Eye features include vitreoretinal dysplasia resulting in retrolental masses. Some eyes have been mistakenly enucleated because they were thought to contain retinoblastoma.2 Other ocular features include microphthalmia, anterior chamber anomalies, cataract and phthisis bulbi, although these are all highly variable. Congenital blindness is the rule but a few patients have preserved useful vision into their teenage years.3

The osteoporosis results in multiple fractures and bone deformities. The time of onset and severity of the osteoporosis is highly variable and the history of minimal trauma is typical.

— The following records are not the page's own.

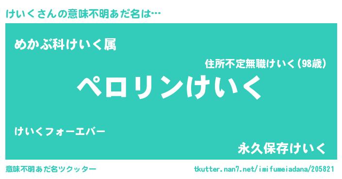| ヘコむあだ名 | 『けいにー』『けいく(小並感)』 |
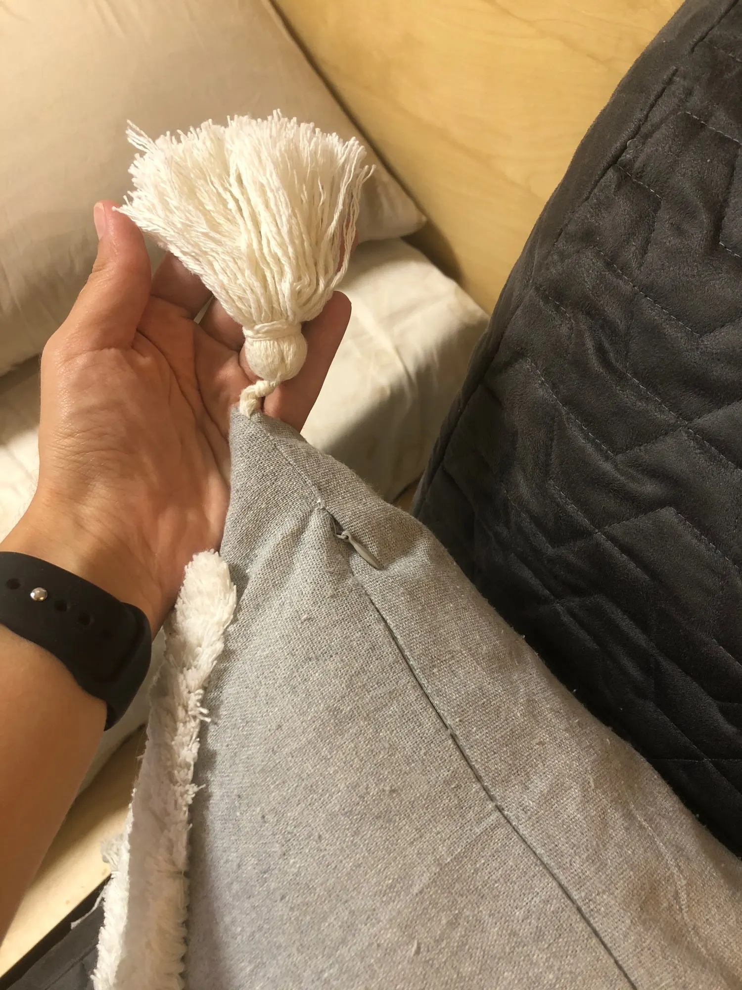 Fast shipping and beautiful cover, but the zipper is not so great. It is very difficult to pull the zipper even without the cushion. I am afraid the fabric will get stuck in the zipper very easily. The seller asked me to give them overall 5 star, I would be lying if I did that.
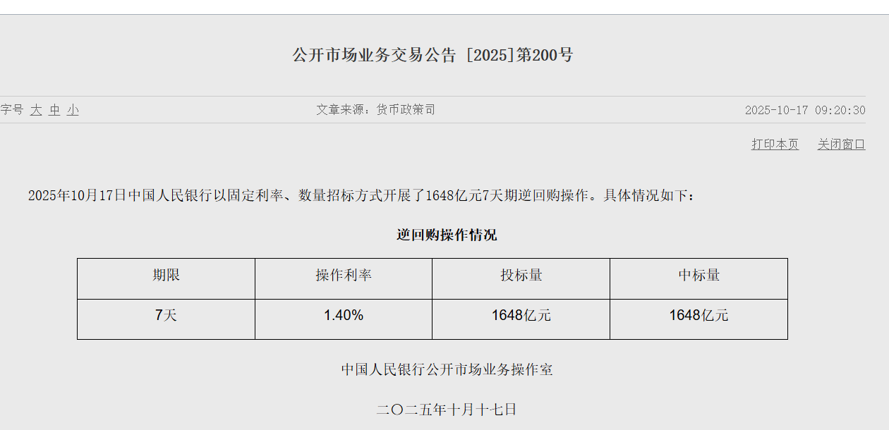 中国人民银行网站消息,10月17日,中国人民银行以固定利率、数量招标方式开展了1648亿元7天期逆回购操作,操作利率为1.40%,与此前持平。因今日有4090亿元7天期逆回购到期,当日实现净回笼2442亿元。
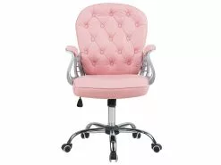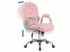Tämä ylellinen tuoli on yhdistelmä nykyaikaisuutta ja vintage-tyyliä. Kestävällä keinonahalla verhoillussa tuolissa on napitettu selkänoja, jossa on timantinmuotoiset tikkaukset elegantin viimeistelyn takaamiseksi. Kaarevat pehmustettu käsinojat tarjoavat mukavuutta ja täydentävät vaaleanpunaista verhoilua. Sisäänrakennettu kallistus- ja 360° kääntömekanismi sekä kaasunostin mahdollistavat täydellisen säädön, joka on räätälöity kehosi mukaan. Tuoli on monipuolinen vaihtoehto erilaisiin toimistoympäristöihin.
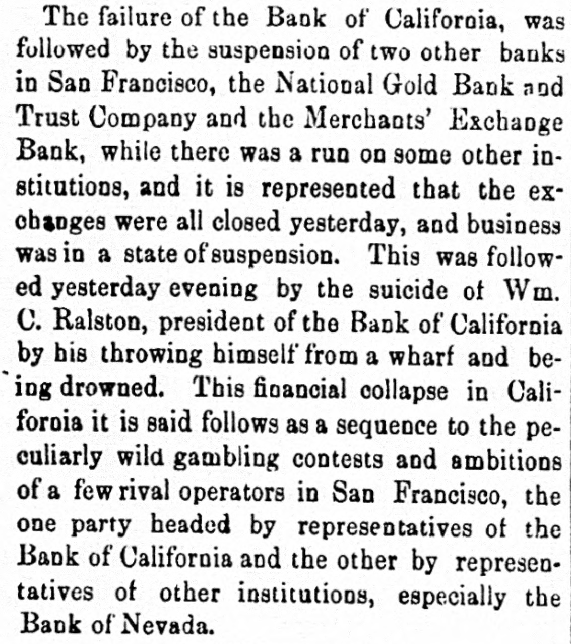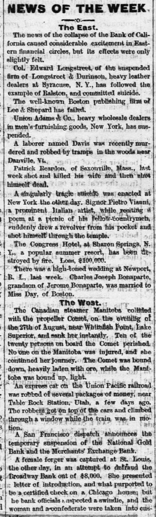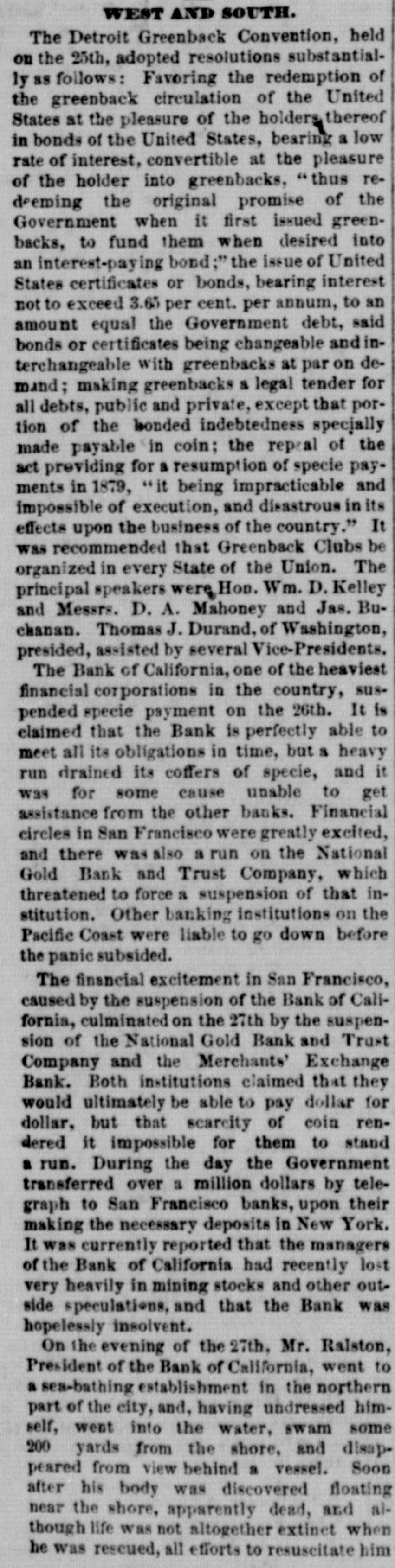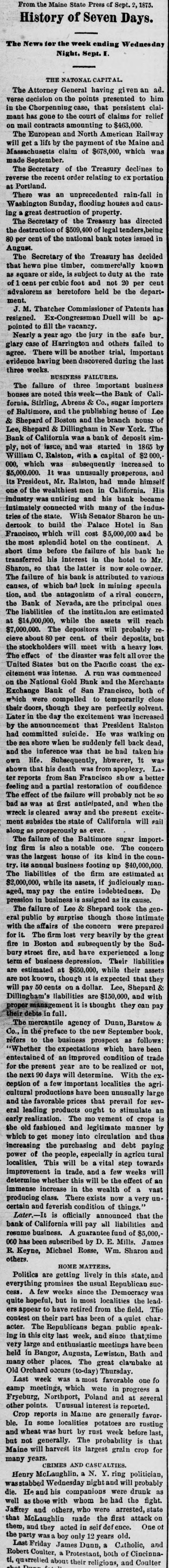 From the Maine State Press of Sept. 2, 1875. History of Seven Days. The News for the week ending Wednesday Night, Sept. I. THE NATONAL CAPIT The Attorney General having ven an ad. verse decision on the points presented to him in the Chorpenning case, that persistent claimant has gone to the court of claims for relief on mail contracts amounting to $463,000. The European and North American Railway will get a lift by the payment of the Maine and Massachusetts claim of $678,000, which was made September. The Secretary of the Treasury declines to reverse the recent order relating to ex portation at Portland. There was an unprecedented rain-fall in Washington Sunday, flooding houses and causing a great destruction of property. The Secretary of the Treasury has directed the destruction of $509, of legal tenders,being 80 per cent of the national bank notes issued in August. The Secretary of the Treasury has decided that hewn pine timber, commercially known as square or side, is subject to duty at the rate of cent per cubic foot and not 20 per cent advalorem as heretofore held be the department. J. M. Thatcher Commissioner of Patents has resigned. Ex-Congressman Duell will be appointed to fill the vacancy. Nearly a year ago the jury in the safe bur_ glary case of Harrington and others failed to agree. There will be another trial, important evidence having been discovered during the last three weeks. BUSINESS FAILURES. The failure of three important business houses are noted this week Bank of California, Stirling, Abrens & Co., sugar importers of Baltimore, and the publishing heuse of Lee & Shepard of Boston and the branch house of Lee, Shepard & Dillingham in New York. The Bank of California was bank of deposit simply, not of issue, and was started in 1865 by William C. Ralston, with capital of 000, 000, which was subsequently increased to $5,000.000. It was unusually prosperous, and its President, Mr. Ralston, had made himself one of the wealthiest men in California. His industry was untiring and his bank became intimately connected with many of the industries of the state. With Senator Sharon he undertook to build the Palace Hotel in San Francisco, which will cost $5,000,000 and be the most splendid hotel on the continent. A short time before the failure of his bank he transferred his interest in the hotel to Mr. Sharon, 80 that the latter is now sole owner. The failure of his bank is attributed to various causes, of which bad luck in mining specula tion, and the antagonism of a rival concern, the Bank of Nevada, are the principal ones The liabilities of the institution are estimated at $14,000,000, while the assets will reach $7,000,000. The depositors will probably recieve about 80 per cent. of their deposits, but the stockholders will meet with a heavy loss. The effect of the disaster was felt allover the United States but on the Pacific coast the excitement was intense. A run was commenced on the National Gold Bank and the Merchants Exchange Bank of San Francisco, both of which were compelled to temporarily close their doors, though they are perfectly solvent. Later in the day the excitement was increased by the announcement that President Ralston had committed suicide. He was walking on the sea shore when he suddenly fell back dead, and the inference was that he had taken his own life. Subsequently, however, it was shown that his death was from apoplexy. Later reports from San Francisco show better feeling and a partial restoration of confidence The effect of the failure will probably not be so bad as was at first anticipated, and when the wreck is cleared away and the present excitement subsides the state of California will sail along as prosperously as ever. The failure of the Baltimore sugar importing firm is also a notable one. The concern was the largest house of its kind in the country. its annual business footing up $40,000,000. The liabilities of the firm are estimated at $2,000,000, while its assets, if judiciously managed, may pay the entire indebtedness. De pression in business is assigned as its cause. The failure of Lee & Shepard took the general public by surprise though those intimate with the affairs of the concern were prepared for it. The firm lost very heavily by the great fire in Boston and subsequently by the Sudbury street fire, and have experienced long term of business depression. Their liabilities are estimated at $650,000, while their assets are not known, though it is expected that they will pay 50 cents on a dollar. Lee, Shepard & Dillingham's liabilities are $150,000, and with proper management it is thought they can pay their debts in full. The mercantile agency of Dunn, Barstow & Co., in the preface to the new September book, refers to the business prospect as follows: "Whether the expectations which have been entertained of an improved condition of trade for the present year are to be realized or not, the next 90 days will determine. With the exception of a few important localities the agricultural productions have been unusually large and the favorable prices that prevail for several leading products ought to stimulate an early realization. The mo vement of crops is the old fashioned and legitimate manner by which to get money into circulation and thus increasing the purchasing and debt paying power of the people, especially in agricu tural localities, This will be a vital step towards improvement in trade. and a few weeks will determine whether this will be the effect of an immense increase in the wealth of a vast producing class. There exists now a very uncertain and feverish condition of things. Later.-It is officially announced that the bank of California will pay all liabilities and resume business. A guarantee fund of $5,000,000 has been subscribed by D. E. Mills. James R. Keyne, Michael Rosse, Wm. Sharon and others. HOME MATTERS. Politics are getting lively in this state, and everything promises the usual Republican success. A few weeks since the De

As the osteopaenic process seems to stabilise with age, prophylaxis and specialist care of fractures and deformities are essential to prevent incapacitating long term problems.3 Intravenous bisphosphonate therapy may prevent progressive skeletal deformity.4

Other minor features of OPS include short stature, intellectual impairment, cardiac anomalies, hypotonia, and ligament laxity.5

The pathogenesis of OPS is unknown. It is clearly a connective tissue disorder. Clinical, biochemical, and microscopic analyses suggest the defective gene may encode a matrix protein expressed in eye and bone.6 The OPS locus has recently been mapped to 11q12–136 but the precise molecular pathology has yet to be identified.